Steps of filing a divorce

When the Petitioner files the divorce suit in Orland Park Illinois, he or she may ask the Court to schedule a temporary order hearing. If so, when the Respondent is served with a copy of the petition, he or she will also be served with another document called a “notice of hearing.” This will tell the Respondent when he or she needs to be at the courthouse for the temporary order hearing. This is a hearing, typically held within a month of the divorce petition being filed, at which the Court makes orders about how custody, visitation, child support, use of property, and payment of debts will be handled until a full trial can be held.



In Orland Park Illinois, temporary order hearings are held under strict time constraints: barring extraordinary circumstances, each side is limited to twenty minutes to present their case. Dallas and Denton counties do not limit hearings to twenty minutes by rule, but it is becoming more common for judges in those counties to restrict each side to twenty minutes. That means a total of twenty minutes for a spouse to testify, the other spouse to be cross-examined, other witnesses to be called and evidence to be offered! Needless to say, it is difficult to put on a comprehensive presentation under that kind of time limit.

Most cases involve something of a flurry of activity at the outset: filing the petition, getting it served on the other party, then going to the temporary order hearing. After the temporary order hearing is held, most cases will enter a period where things slow down. Sometimes the case will settle soon after the temporary order hearing. In others, the parties will use this lull in the process to conduct written discovery of documents from the other side, issue subpoenas for evidence from third parties and, generally, prepare their case for the final trial—which will typically be scheduled for eight months to a year after the case was initially filed.

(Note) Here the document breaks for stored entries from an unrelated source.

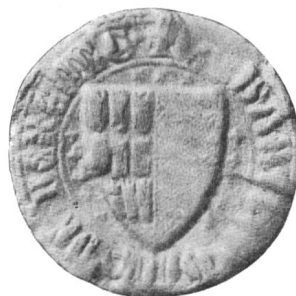
Nr. 2 Siegel von Nr. 5 des Textes (Bartholomäus)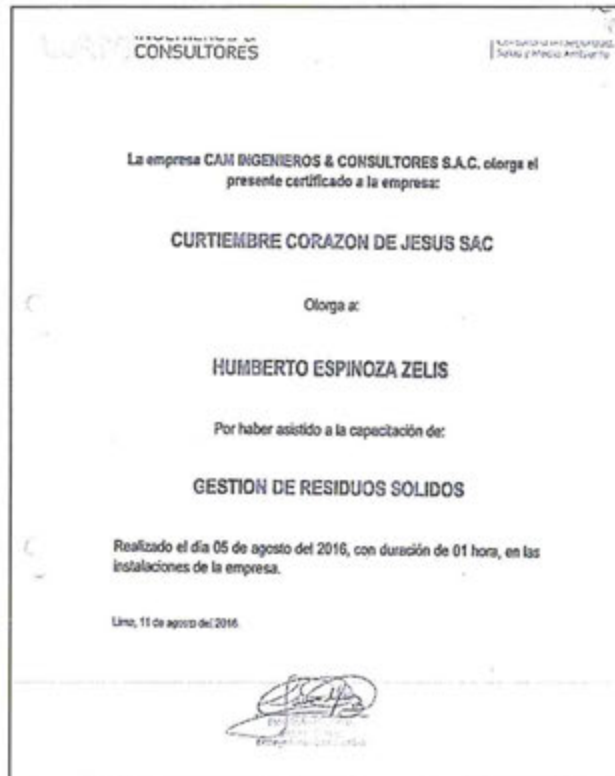
Imagen N° 6: Certificado de capacitación de la empresa consultora Cam Ingenieros & Consultores S.A.C.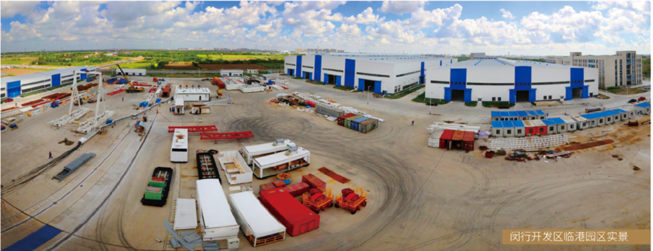
闵行开发区临港园区实景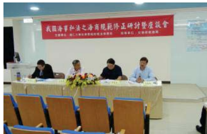
▲我國海事私法之海商規範修正座談會

2018年9月13日假本校野聲樓谷欣廳召開「我國海事私法之海商規範修正研討會」及2018年10月9日假交通部航港局敦南大樓演講廳召開「我國海事私法之海商規範修正座談會」，透過本次研討與座談，期使我國未來海商法之修正能更正確、更周延、更符合各界需求。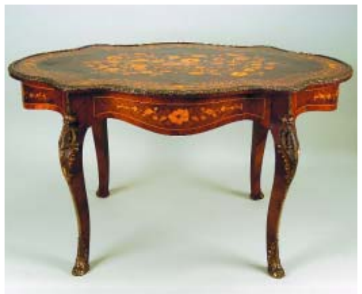
323 MESA DE CENTRO NAPOLEÃO III FOLHEADA A PAU SANTO E RAIZ DE NOGUEIRA COM EMBUTIDOS, aplicações em bronze dourado, francesa, séc. XIX, pequenos defeitos Dim. - 75 x 135 x 82 cm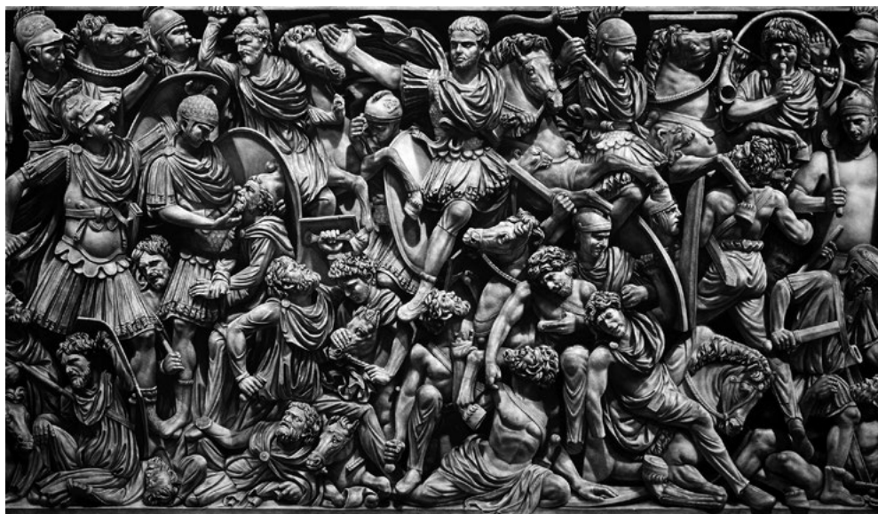
Fig. 4. Sarcophagus . 2018. Carbón comprimido y pastel sobre papel, 140 x 240 cm.

En muchas de sus obras se hacen alusiones directas a obras existentes y, en otras, se apropia de diversos elementos como los visuales, compositivos y procedimentales de siglos anteriores. No obstante, una mirada atenta a sus piezas desvela que Garraza no parte de las obras originales, sino que trabaja a partir de una información superficial que le brindan las fotografías de las mismas, y que con posterioridad, él mismo también edita. Cuando el autor hace una cita a una obra ya existente, vemos que las pinceladas, veladuras, transparencias, empastes o, incluso el mármol de las esculturas, son simulados y reinterpretados; en muchas ocasiones con una técnica completamente distinta como puede ser el carbón comprimido. Esto nos indica que no existe la voluntad de crear una copia exacta de una pieza original, y que el propósito del artista es volver a construir y pensar una imagen a través de nuevas técnicas, formatos, iluminación y, en definitiva, dotarla de un nuevo significado.

Another thing that commonly happens in this slow period after a temporary order hearing is mediation. Mediation is an informal settlement conference between the parties with the assistance of a mediator—who will try to help the parties reach a settlement they can each live with. The mediator cannot force anyone to enter into an agreement they don’t want to, but most judges will require the parties to try mediation before they allow you to spend a day of their courtroom time on a trial. And, most of the cases that go to mediation end up settling there. If the case does not settle at mediation, the Court will hold a trial. The trial will not be restricted to twenty minutes per side, but most will be held in a single morning or afternoon.